#### What the task requires
For this exercise, write out the whole listing below exactly, omitting its images.

START Supplied material

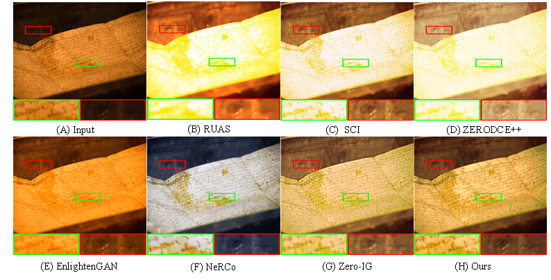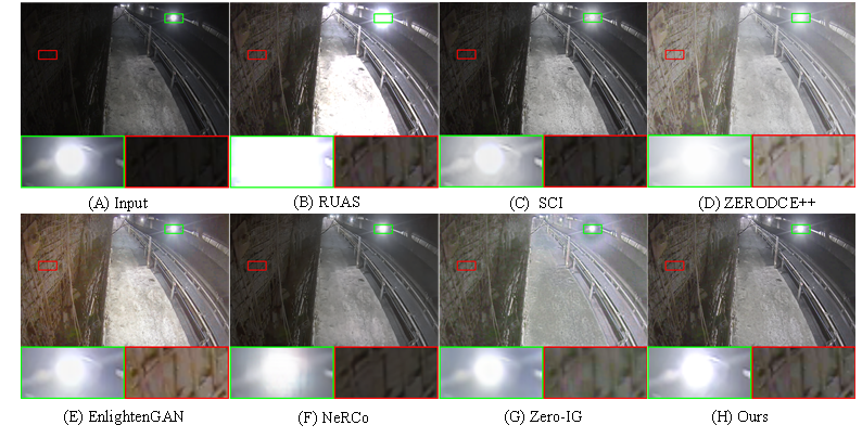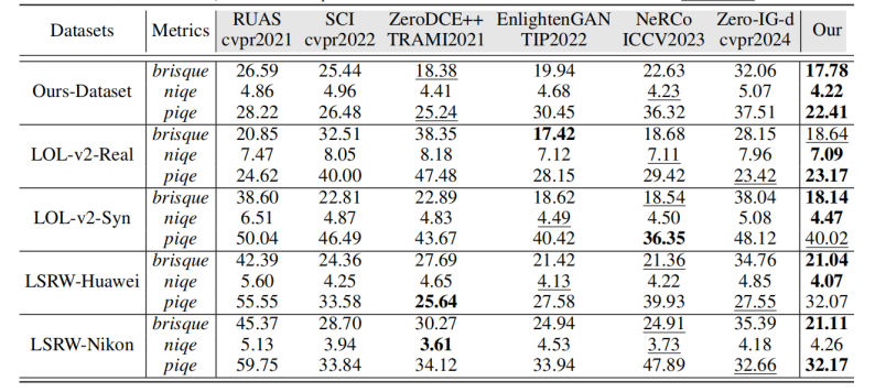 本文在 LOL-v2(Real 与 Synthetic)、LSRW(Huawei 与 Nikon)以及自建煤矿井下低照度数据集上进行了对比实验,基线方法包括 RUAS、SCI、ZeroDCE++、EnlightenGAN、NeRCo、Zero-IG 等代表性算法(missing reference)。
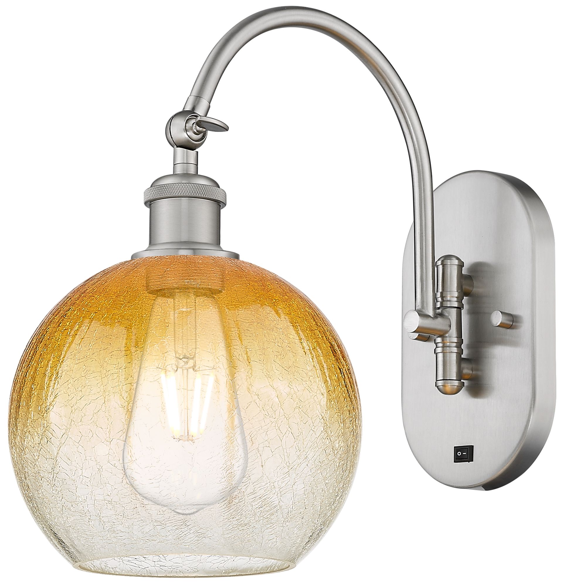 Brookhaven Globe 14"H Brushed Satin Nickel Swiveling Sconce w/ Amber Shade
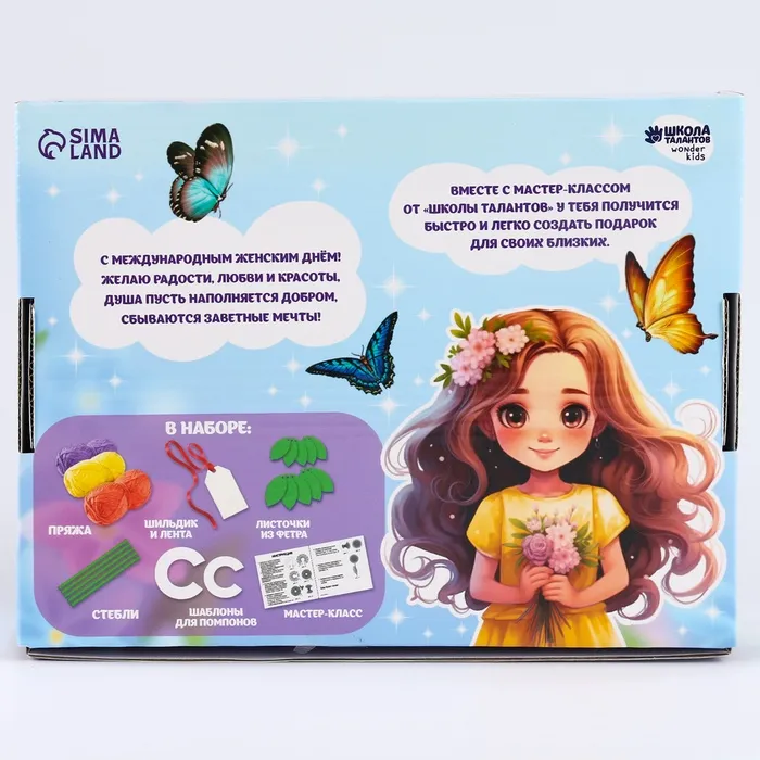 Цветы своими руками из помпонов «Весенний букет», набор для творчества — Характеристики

END Supplied material

#### Exercise response
 本文在 LOL-v2(Real 与 Synthetic)、LSRW(Huawei 与 Nikon)以及自建煤矿井下低照度数据集上进行了对比实验,基线方法包括 RUAS、SCI、ZeroDCE++、EnlightenGAN、NeRCo、Zero-IG 等代表性算法(missing reference)。
 Brookhaven Globe 14"H Brushed Satin Nickel Swiveling Sconce w/ Amber Shade
 Цветы своими руками из помпонов «Весенний букет», набор для творчества — Характеристики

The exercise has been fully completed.